I was very pleased to find that, despite all the new building there has been in the time since I last went to Manchester, some things are still where they always were - and I could still navigate my way round the town centre. Mind you, even some of those things have changed - Piccadilly Gardens is much bigger than I remember it, with a modern water feature as well as the Victorian statues - and it's criss crossed with tram lines, and with a tram station at one end.

Albert Square, where the Town Hall is, has been pedestrianised. Once it looked like this:


This is what happens when a French Impressionist artist goes to the grim industrial north of England. The painting is by Pierre Adolphe Vallette, who was LS Lowry's tutor.
Now the Square looks like this (taken from the same direction, but further into the Square):


From what my mum has told me about family history, I think that the red brick building in the background was once the Press Club, where my gran worked for a while (they could always tell when she was on duty at nights, she told me, because she put the table cloths out and made sure that everything was served properly, just as it was during the day.

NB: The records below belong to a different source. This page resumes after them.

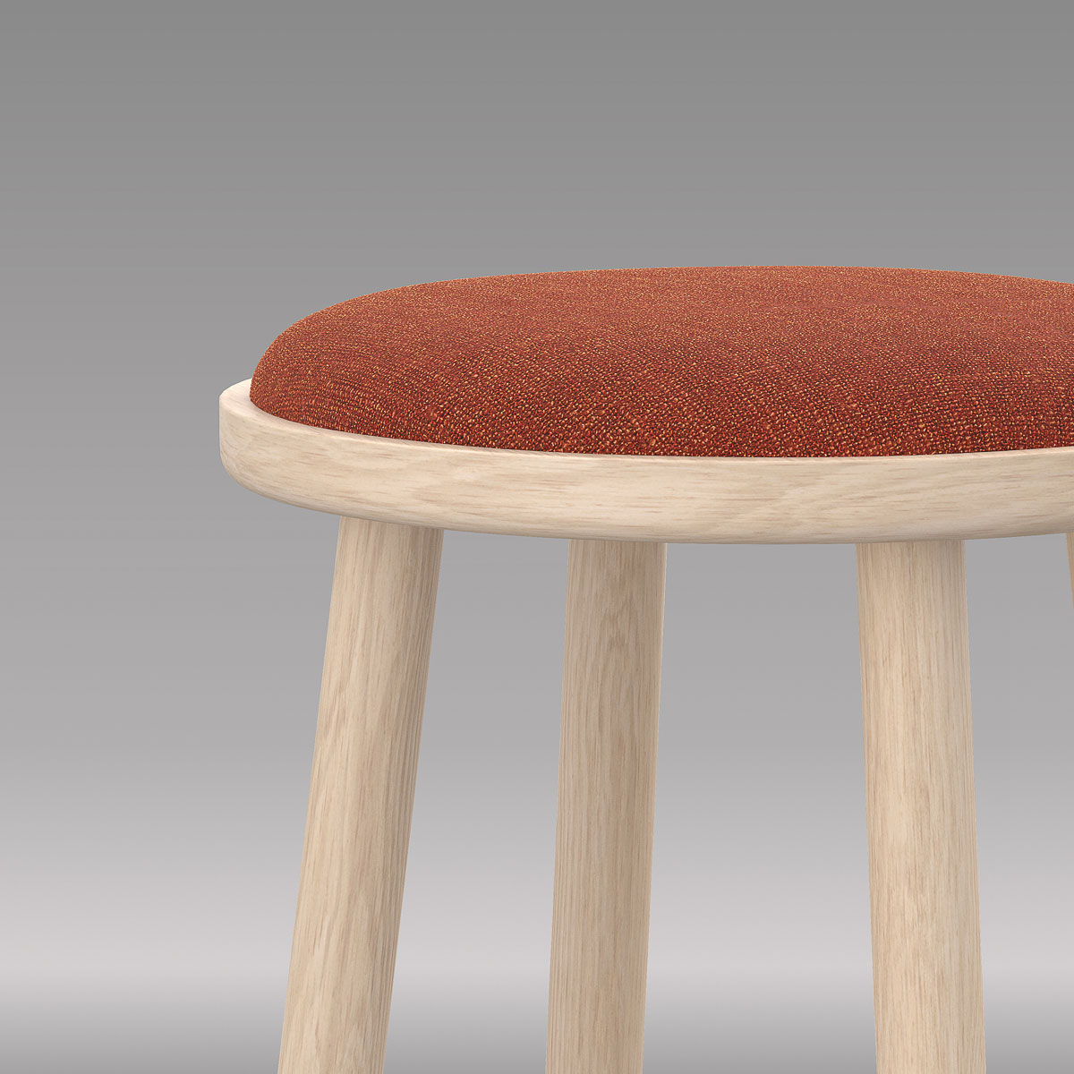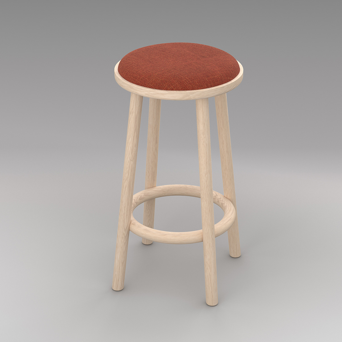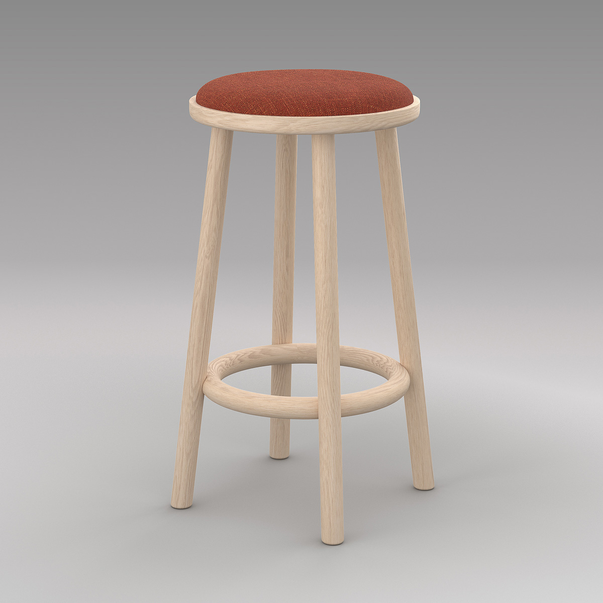The Portfolio Cafe Stool is constructed from solid timber with an upholstered seat. Slim 30 mm legs provide a stable and compact base, supported by an integrated footrest for added comfort. Leg glides protect floor surfaces, making the stool suitable for café and workplace environments.
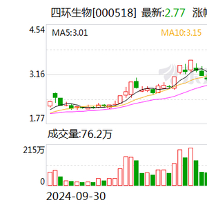 12月27日,四环生物报收2.77元,下跌7.05%,换手率7.4%,成交量76.23 万手,成交额2.13亿元,主力资金净流出2859.03万元,总市值28.52亿元。
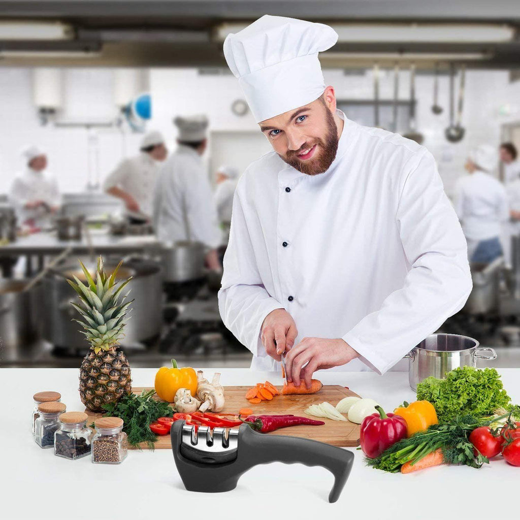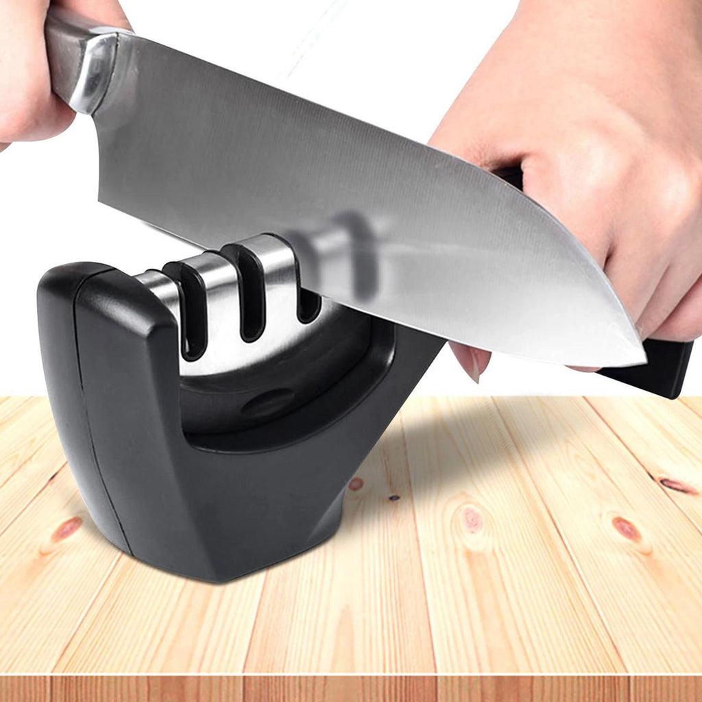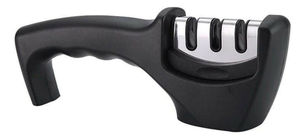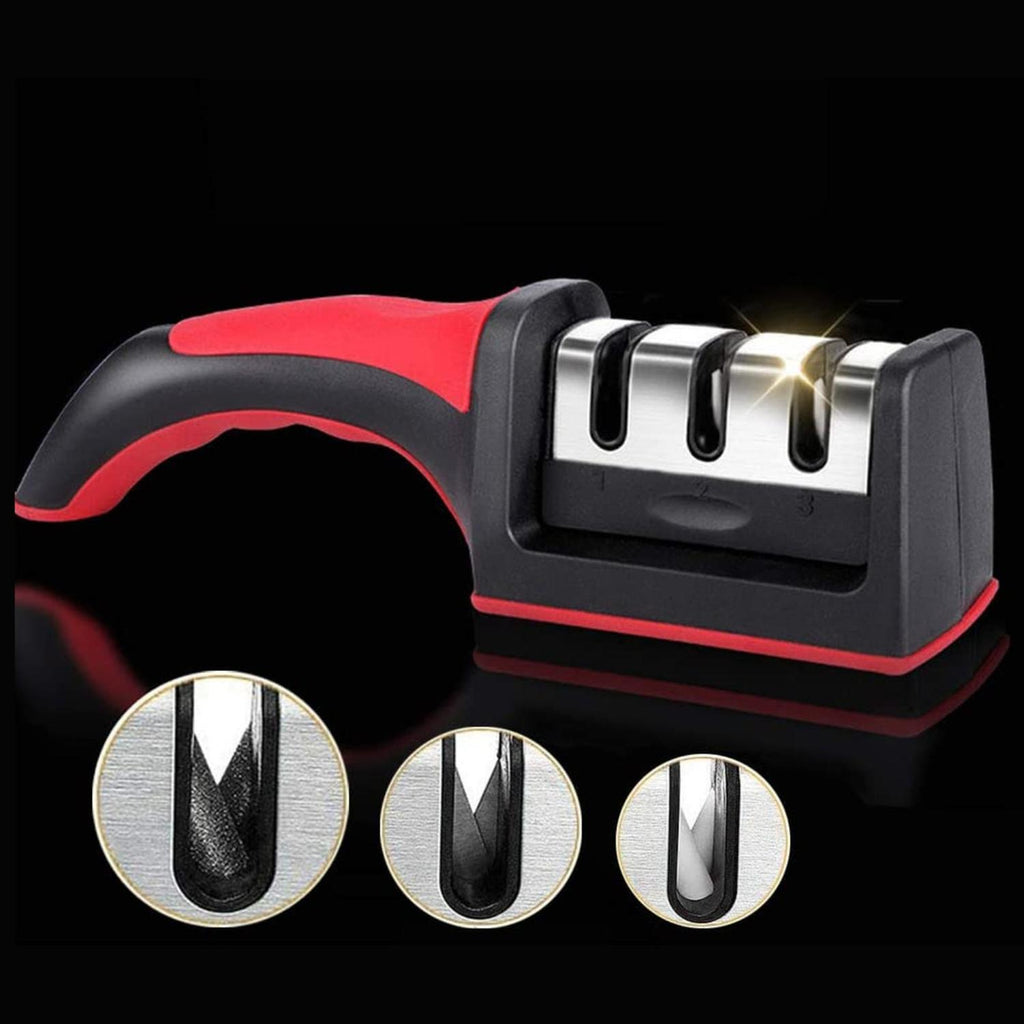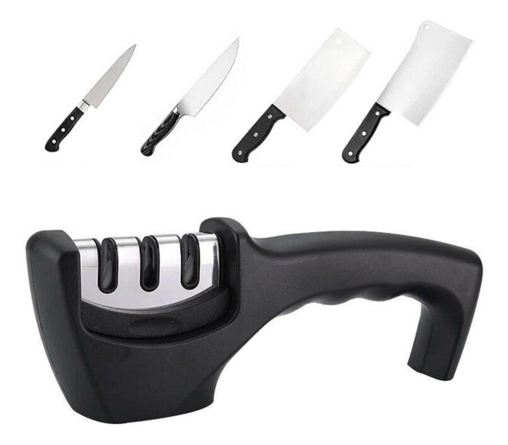 Afilador de cuchillos de 3 etapas diseñado para reparar, afilar y pulir hojas con rapidez y precisión. Su sistema combina ranuras de diamante, tungsteno y cerámica para devolverle a tus cuchillos un filo perfecto en segundos. Ideal para cuchillos de cocina, sashimi, filete de pescado y otros, ofrece resultados profesionales sin complicaciones.
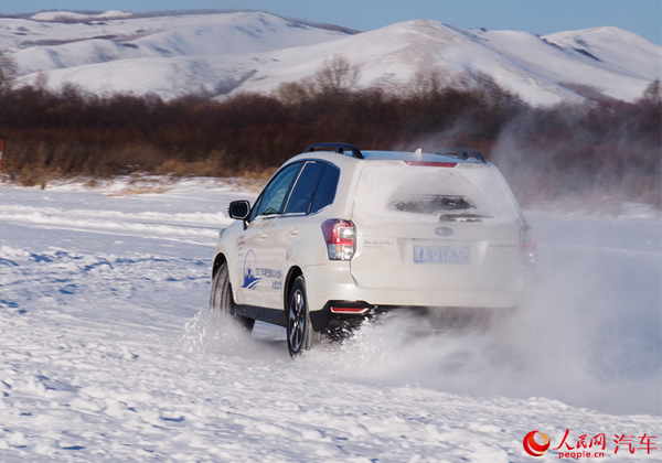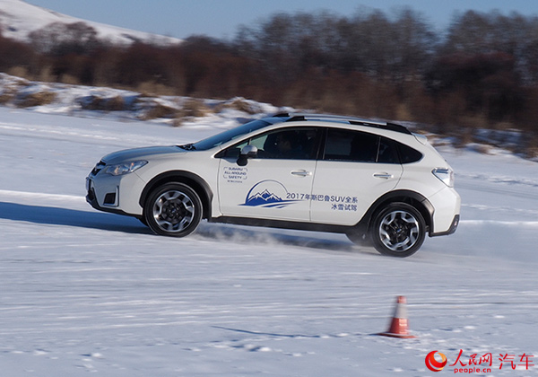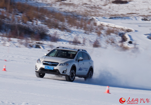 最先来到冰面体验的是斯巴鲁XV车型。2.0L排量的水平对置发动机,最大输出功率150马力,峰值扭矩196牛·米,怎么听都觉得是个纯粹的家用车。没错,动力大在这里没什么用。如果一味地加大油门的话,动力只会随着发动机的怒吼被浪费,空转的轮胎只能让动力流失的更多。
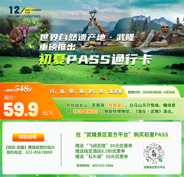 5月6日—6月30日,川渝鄂湘黔陜滇的寶子們有福啦!59.9 元就能拿下價值548元的超值套票!仙女山的治愈草場、芙蓉洞的奇幻鐘乳石、白馬山天尺情緣的浪漫打卡地、懶壩的藝術奇遇,還有《我在?武隆》演出、喀斯特博物館,一票全含!更有“飛閱武隆”30元優惠券、指定酒店8.5折、“石頭城”58元券等隱藏福利,這波羊毛不薅真的虧!
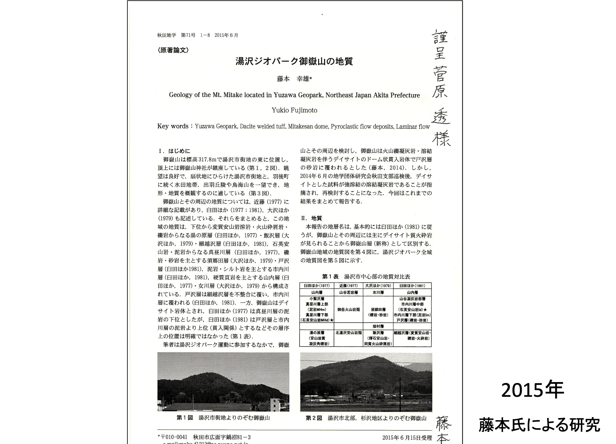 進級論文から20年経過したある日、地質学者の藤本幸雄氏が
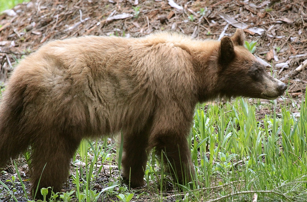 Nach einer knappen Stunde erreichten wir Huckleberry Meadow, eine weitere grasbedeckte Lichtung im Wald, und plötzlich entdeckte ich in einiger Entfernung einen großen braunen Bären, der gemütlich in der Wiese nach Futter suchte. |
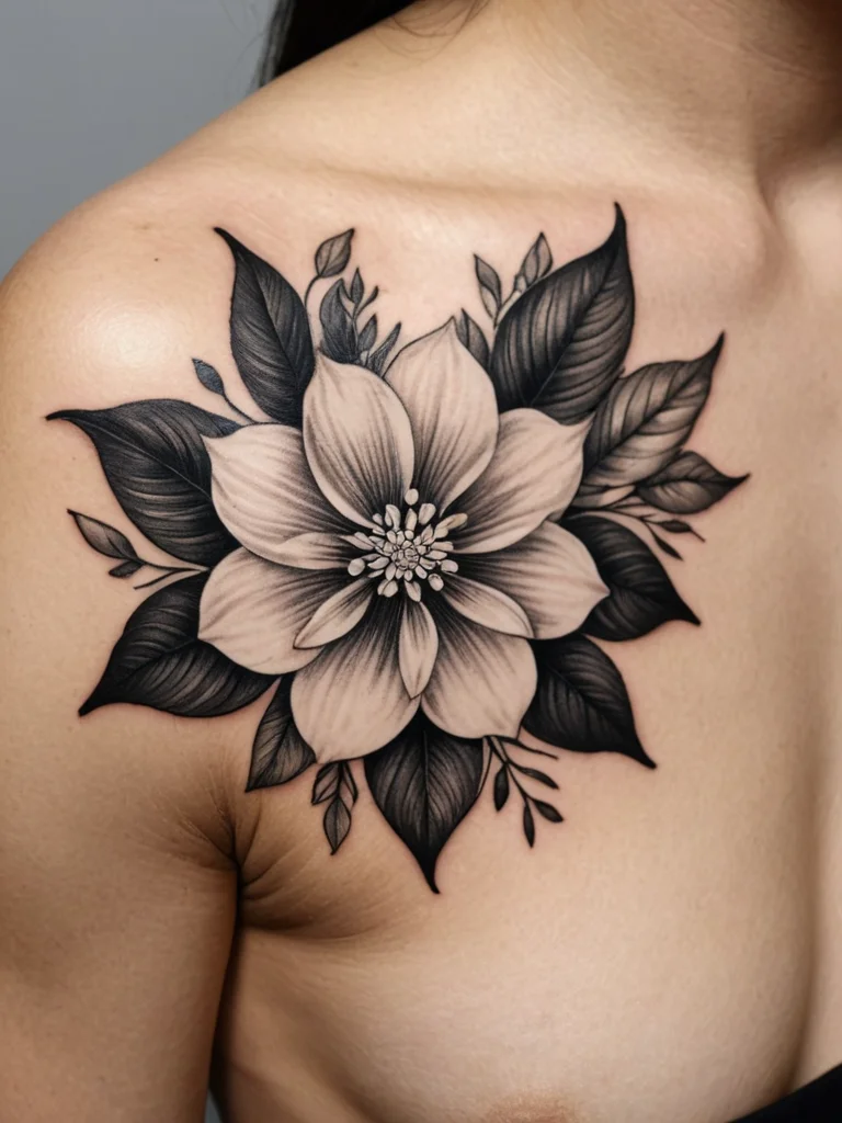 This tattoo is a stunning depiction of a magnolia flower, gracefully positioned on the upper chest. The focal point is the flower itself, with its large, delicate petals and lush green leaves. The artist employs a range of shading techniques to create depth and dimension, capturing the subtle nuances of the petals and leaves. The composition is balanced, with the flower positioned centrally on the chest. The placement accentuates the natural curves of the body and creates a visually appealing design.
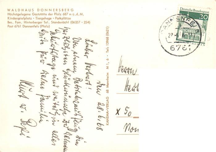 73877328 alte Postkarte Donnersberg Pfalz Waldhaus Donnersberg Gastraeume postalisch gelaufen Erhaltung siehe scans [WerneD78] KatCode: 11110007333013
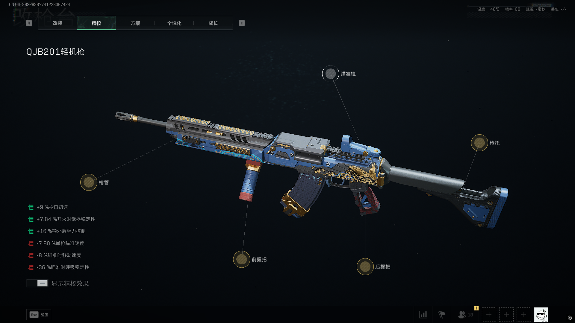 这套方案的精妙之处在于精校,如图所示,我们总共可以通过精校获得16%额外后坐力控制,以及近8%开火时武器稳定性。这些精校属性进一步提高了QJB201架枪时的稳定输出能力。
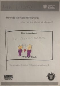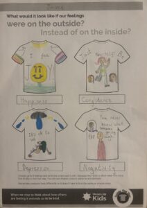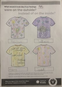 Our final tasks for this first session were to create t-shirts to show what our emotions would look like if they were on the outside and to write ‘care instructions’ for everyone to be kind.
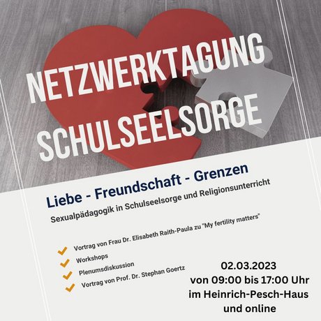 Ludwigshafen. Wir laden Sie herzlich ein zu unserer Fach- und Netzwerktagung Schulseelsorge im Schuljahr 2022/2023 unter dem Thema „Liebe – Freundschaft – Grenzen, Sexualpädagogik in Schulseelsorge und Religionsunterricht“.
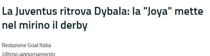 该媒体表示,迪巴拉的复出能够给陷入困境的尤文锋线带来帮助,自从1月10日与萨索洛的比赛中膝盖受伤后,迪巴拉就一直在恢复,现在他的左膝副韧带已经不再感到疼痛。
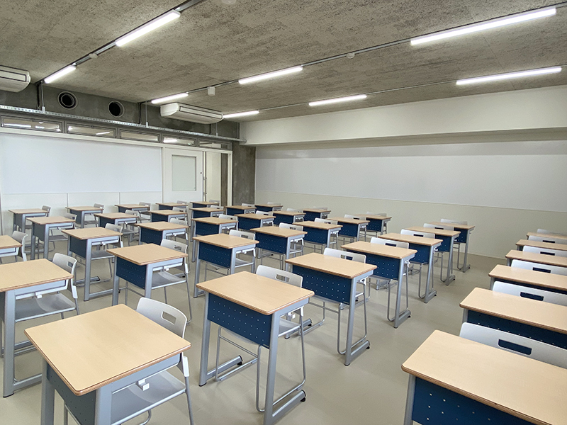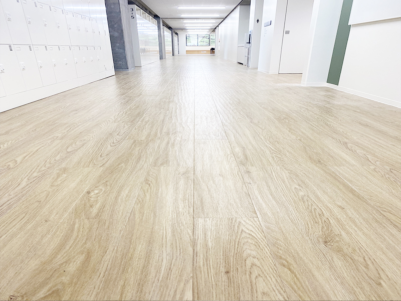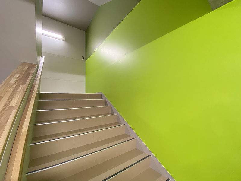 新校舎は、色(ex.階段の壁)や素材(むき出しのコンクリートや木のような床[この床、実際はビニールですが])で“自然”を体現しています。コンクリートの柱などはすべて面取りされており、安全性も同時に担保しています。
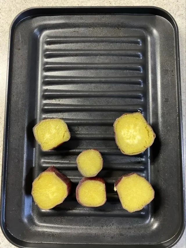 さつまいもは蒸してから輪切りにしてココプレで焼くだけ。
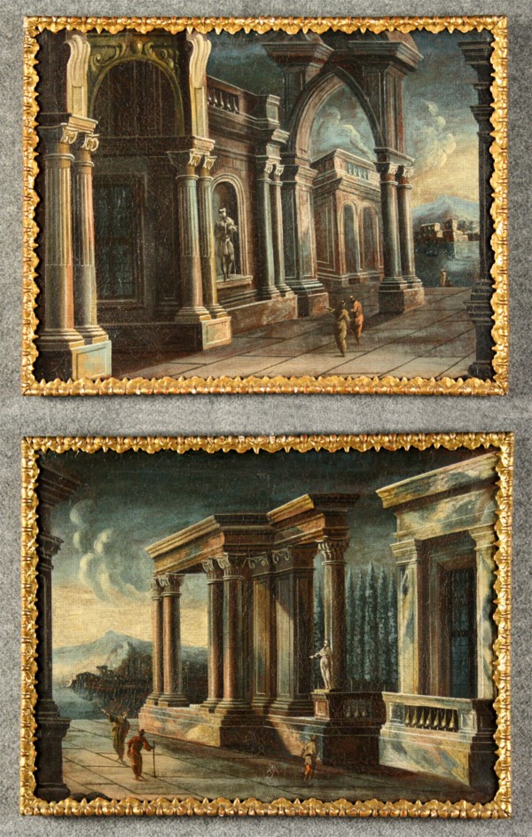 AMBITO DI ANTONIO STOM - Nato nel 1688. Morto a Venezia nel 1734. Coppia di dipinti olio su tela raff. ''ARCHITETTURE CON PERSONAGGI''. In cornice. Rintelati e rintelaiati. Mis. Lung. cm. 54 Alt. cm. 39,5 ca.
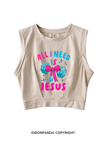 ALL I NEED IS MY WEIGHTS & JESUS SLEEVELESS CROP TOPS

The other woman who ran the kitchen at nights never bothered). It's now quite a posh looking restaurant, with traditional local food.
Underneath it was once the Kardomah. I remember being taken there when I was quite small, and being amazed by the Arabian Nights decor of the place. It was down in a basement - which now seems to be a noodle bar.
And just to one side was once B Division Police Station, which I think is now a fish restaurant. I think that might have been where my step-dad was a desk sergeant for a while.